Clinical and Epidemiological Features
Because of its relative rarity, male breast cancer has not been studied as extensively as female breast cancer. Male breast cancer is an uncommon tumour in Western countries, accounting for less than 1 % of all breast cancers and less than 1 % of all malignancies in males. The ratio of male to female breast cancer is approximately 1:100 in the United States.
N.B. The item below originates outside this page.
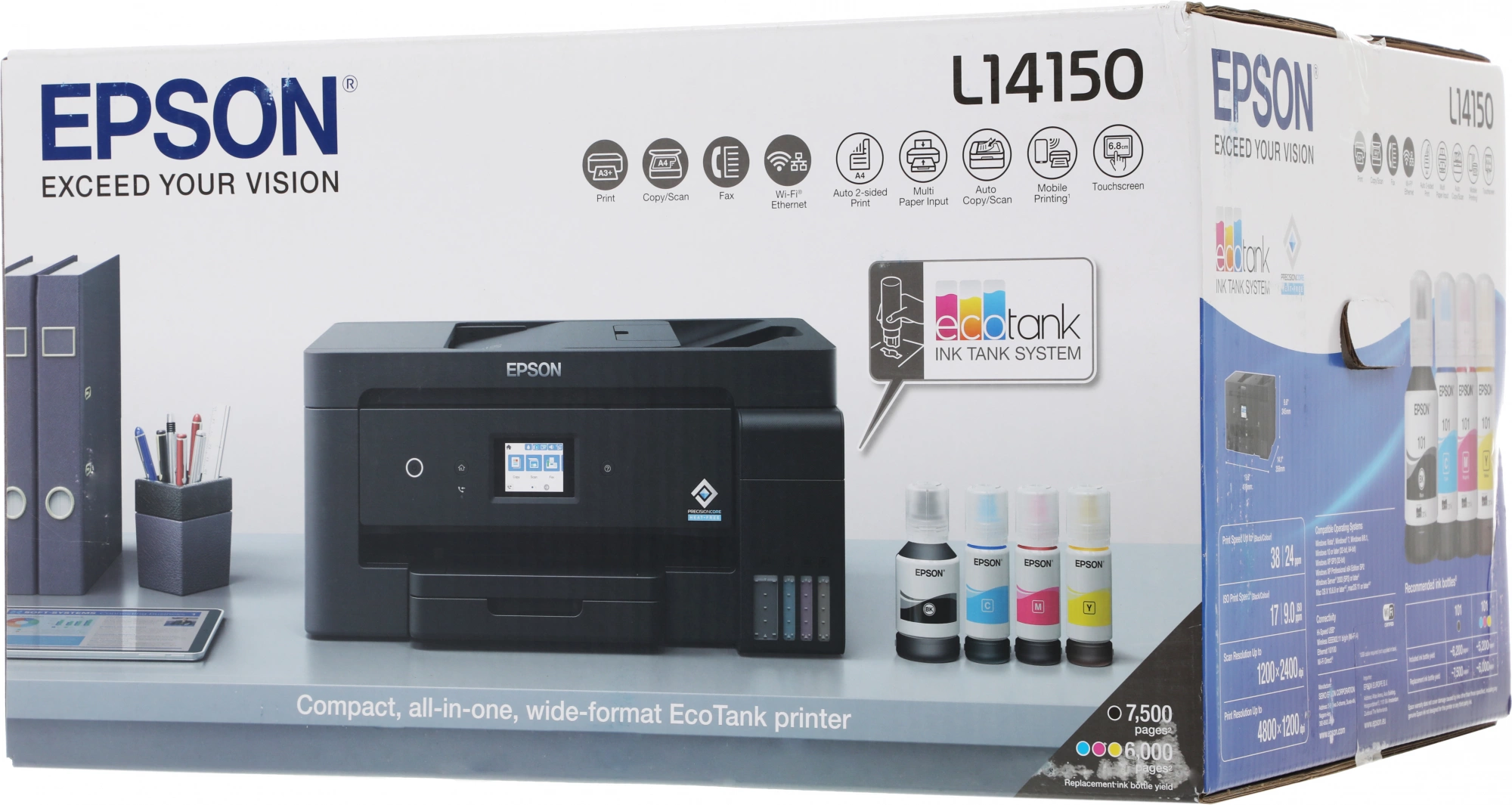 Принтер/МФУ Epson L14150 (C11CH96404/C11CH96505/C11CH96403/C11CH96502/C11CH96507) (A3, ADF, duplex, 35 стр./мин., Ethernet, Wi-Fi )

According to the American Cancer Society, an estimated 2240 new cases of male breast cancers occur annually, and approximately 400 men die from breast cancer [22–24]. The incidence rate of male breast cancer is higher in African Americans than in whites, and it is higher in geographic regions where chronic liver disease due to infectious and neoplastic aetiologies is relatively higher than in Western countries [25–30]. In central Africa, breast cancer constitutes 5–6 % of all malignancies in males.
Risk factors for male breast cancer include family history of breast cancer, inherited gene mutations, Klinefelter syndrome, liver disease, increased sources of endogenous and exogenous oestrogen, obesity, occupational and environmental exposures, and radiation . Breast cancer risk is increased if other members of the family have had breast cancer. About one of five men with breast cancer has a close male or female relative with breast cancer. Men with a mutation in the BRCA2 gene have an increased risk of breast cancer. BRCA1 mutations can also increase the risk of male breast cancer, but the risk appears to be lower. Mutations in CHEK2 and PTEN genes may be responsible for some male breast cancers [29, 31–34]. Klinefelter syndrome is a congenital condition defined by chromosomal abnormality of XXY. Compared with other men, patients with this syndrome have lower levels of androgens and higher levels of oestrogens; for this reason, they often develop gynaecomastia. Men with Klinefelter syndrome have a 50-fold higher risk of developing breast cancer than men in the general population. Ionising radiation is a known risk factor for female breast cancers, and similarly, the risk of male breast cancer increases with exposure to chest radiation. The liver plays an important role in sex hormone metabolism by making binding proteins. These binding proteins affect hormonal activity. Men with severe liver disease such as cirrhosis have relatively low levels of androgens and higher levels of oestrogen, which lead to a higher rate of gynaecomastia as well as an increased risk of developing breast cancer. Men with occupational exposures to electromagnetic fields, gasoline fumes, or polyaromatic hydrocarbons have been reported as having a higher risk of developing breast cancer [22, 35].